Replacing providers#

This example shows how to replace a provider in the pipeline using the Pipeline.insert method.

Setup#

Lets look at a situation where we have some “raw” data files and the workflow consists of three steps * loading the raw data * cleaning the raw data * computing a sum of the cleaned data.

[1]:
from typing import NewType
import sciline

Filename = NewType('Filename', str)
RawData = NewType('RawData', list)
CleanData = NewType('CleanData', list)
Result = NewType('Result', list)

filesystem = {'raw.txt': list(map(str, range(10)))}


def load(filename: Filename) -> RawData:
    """Load the data from the filename."""
    data = filesystem[filename]
    return RawData(data)


def clean(raw_data: RawData) -> CleanData:
    """Clean the data, convert from str."""
    return CleanData(list(map(float, raw_data)))
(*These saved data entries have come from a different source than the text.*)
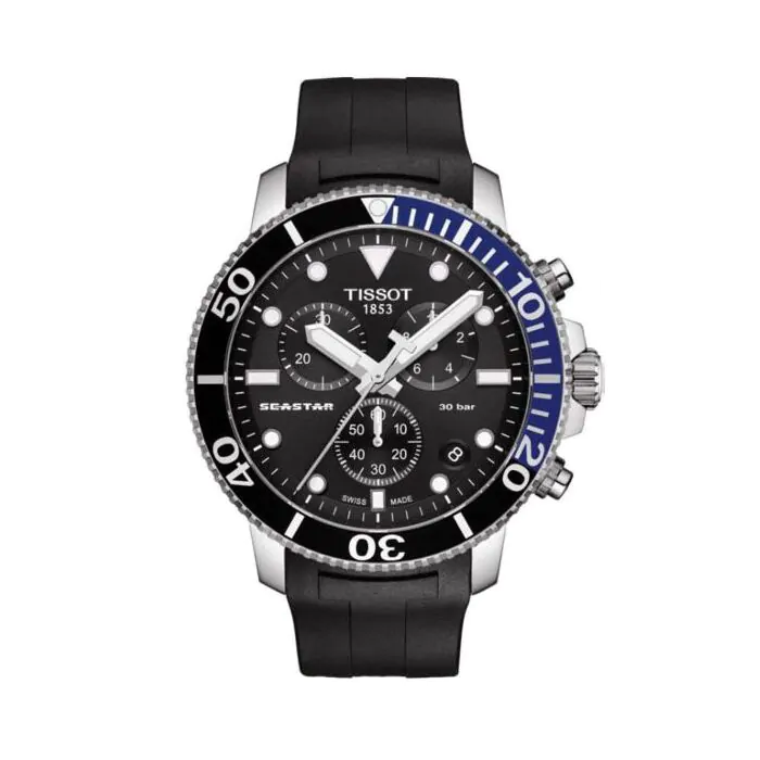 Duikuitrusting was nooit eerder zo volmaakt, zowel visueel als technisch. De Tissot Seastar 1000 Chronograph brengt stijl en prestatie samen zonder concessies te doen. Duiken is de inspiratie die vorm heeft gegeven aan dit horloge, zowel in de verschijning als in de functionaliteit. Het handhaaft zijn prestatie bij een druk van 30 bar (300 m/ 1.000 ft). Het bewijst dat passie voor onderwatersport en voorkeur voor de verfijnde Zwitserse techniek totaal compatibele buddies zijn. Het duikthema is voortdurend aanwezig door onderdelen zoals een in één richting draaibare lunette en de Super-LumiNova® wijzers en indexen. De Tissot Seastar 1000 Chronograph bewijst opnieuw het talent van Tissot voor het samenvoegen van voortreffelijke techniek in een verbluffend design.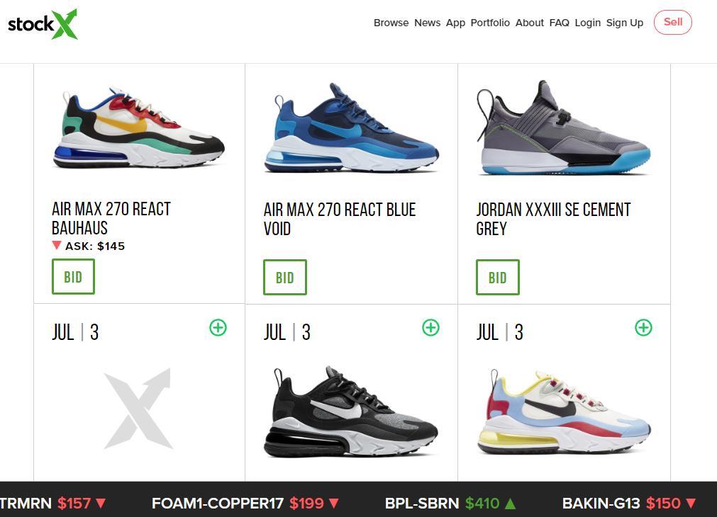 StockX 由 Josh Luber 、Greg Schwartz 及 NBA 克利夫兰骑士队(Cleveland Cavaliers)的老板 Dan Gilbert 创立于 2016年2月,其前身为 2012年创立的运动鞋数据公司 Campless。与证券交易一样,各类不同的限量版或者值得收藏的运动鞋、高级包袋、手表等商品的价格随着消费者的偏好而波动,价格大多为数百或数千美元。StockX 平台的呈现形式和商品交易方式类似于股票交易所:登记的产品先进行招标,然后卖给出价最高的投标人。与股票交易所类似,StockX 也拥有一个滚动显示屏,每次新交易后都会更新价格。(详见《华丽志》报道:像交易股票那样买卖球鞋!全球首个运动鞋交易平台StockX 客户群体从美国延伸到中国)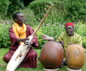 In May 2005, Malam Mamane Barka was invited to perform at the Desert Music Festival in Rissani, Morocco, which was the first time the biram had been taken outside its home country. The instrument was well received by the public, and more concerts abroad followed, including events in France and Germany. Thomas Brooman from WOMAD invited Mamane to perform at the UK festival in 2008, along with percussionist Oumarou Adamou, who was born the son of a Hausa griot in the city of Maradi, in southern Niger close to the Nigerian border. The two musicians had known each other for years, and decided to form the current ensemble in 2006. In July 2008, just after their successful appearance at WOMAD, the recording began at London’s Livingston Studios with producer Paul Borg. With Oumarou’s percussion this album is not only paying respect to the spiritual biram, but is also an homage to the traditional percussive instruments of the rich Nigerien culture: the douma (the spiritual drum), the kalangou and the calabash.
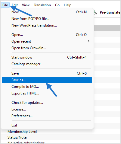 - Open the existing .po file using Poedit (or any translation tool that you are using) and compare it with the main plugin’s POT file (simple-membership.pot).
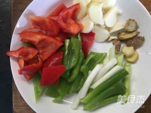 5葱姜蒜和辣椒,除了姜蒜,其他都在出锅前放,姜就用家里没用完的干姜。这样更贴近外婆一些。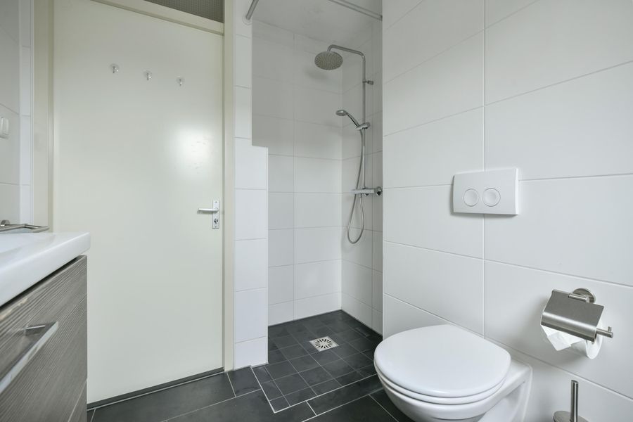 - Ligbad, toilet, dubbele wastafel, wastafelmeubel en inloopdouche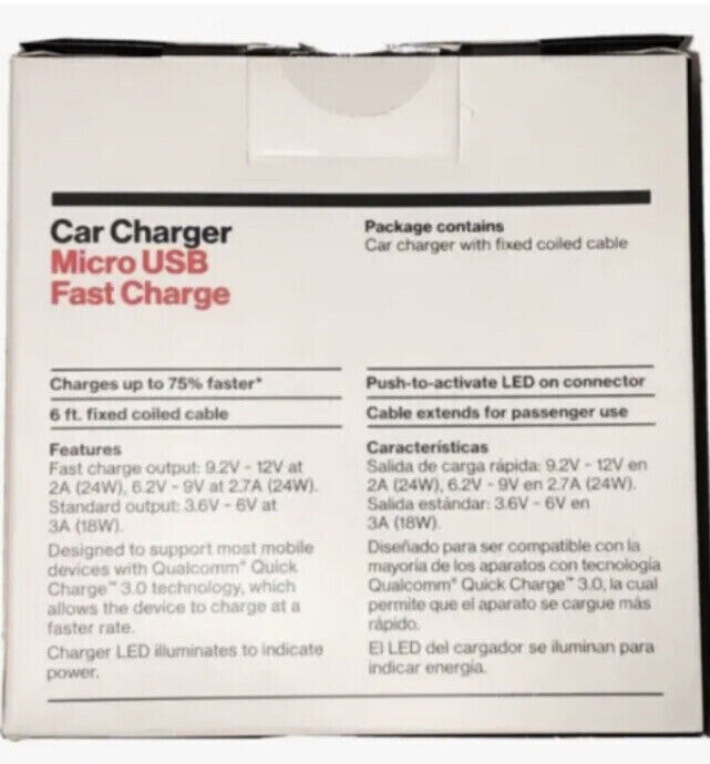- Verizon Micro USB Car Charger with Quick Charge - 24W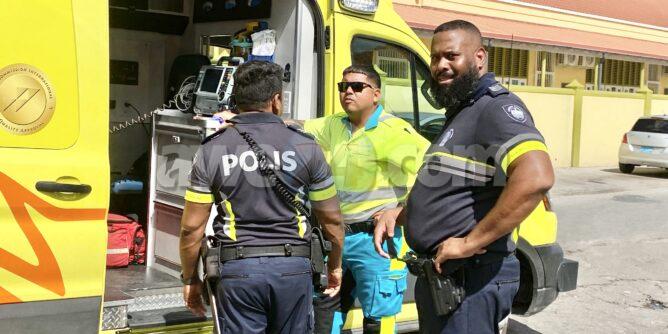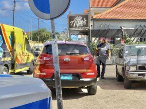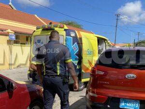 Diahuebs merdia a drenta informe di un dama herida na cabes cu un boter na un bar den Oranjestad, mesora a dirigi tanto polis como ambulans na e sitio. Na yegada di e patruya a bin compronde cu aki ta trata di un problema di pareha cual a termina unda e homber a dal su casa cu un boter na cabes herid’e y a bandona e sitio. E dama a sali afo y a cay flauw un otro persona cu ayudo di 2 otro a logra pone e dama den sombra den un auto. Na yegada di e ambulans nan a atende y ela bin bij e personal di ambulans a bis’e cu nan mester hib’e hospital pa cos’e pero e no tabata desea esey y a baha for di e ambulans y a keda na e sitio posiblemente nan lo hib’e hospital cu auto particular.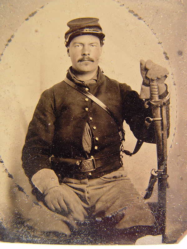 Unidentified soldier in Union uniform with gauntlets, holstered revolver, and U.S. Model 1860 Light Cavalry saber

def process(clean_data: CleanData) -> Result:
    """Compute the sum of the clean data."""
    return Result(sum(clean_data))


pipeline = sciline.Pipeline(
    [
        load,
        clean,
        process,
    ],
    params={
        Filename: 'raw.txt',
    },
)
pipeline
[1]:
Name Value Source
CleanData
clean __main__.clean
Filename raw.txt
RawData
load __main__.load
Result
process __main__.process

Replacing a provider using Pipeline.insert#

Let’s say the clean provider doesn’t do all the preprocessing that we want it to do, we also want to remove either the odd or even numbers before processing:

[2]:
from typing import NewType

Target = NewType('Target', str)


def clean_and_remove_some(raw_data: RawData, target: Target) -> CleanData:
    if target == 'odd':
        return [n for n in map(float, raw_data) if n % 2 == 1]
    if target == 'even':
        return [n for n in map(float, raw_data) if n % 2 == 0]
    raise ValueError

To replace the old CleanData provider we need to use Pipeline.insert:

[3]:
pipeline.insert(clean_and_remove_some)
pipeline[Target] = 'odd'
[4]:
pipeline
[4]:
Name Value Source
CleanData
clean_and_remove_some __main__.clean_and_remove_some
Filename raw.txt
RawData
load __main__.load
Result
process __main__.process
Target odd

Now if we select the Result we see that the new provider will be used in the computation:

[5]:
pipeline.get(Result)
[5]:
Output keys:
Result
Scheduler:
NaiveScheduler()
Input keys:
  • Filename
  • Target
[6]:
pipeline.compute(Result)
[6]:
25.0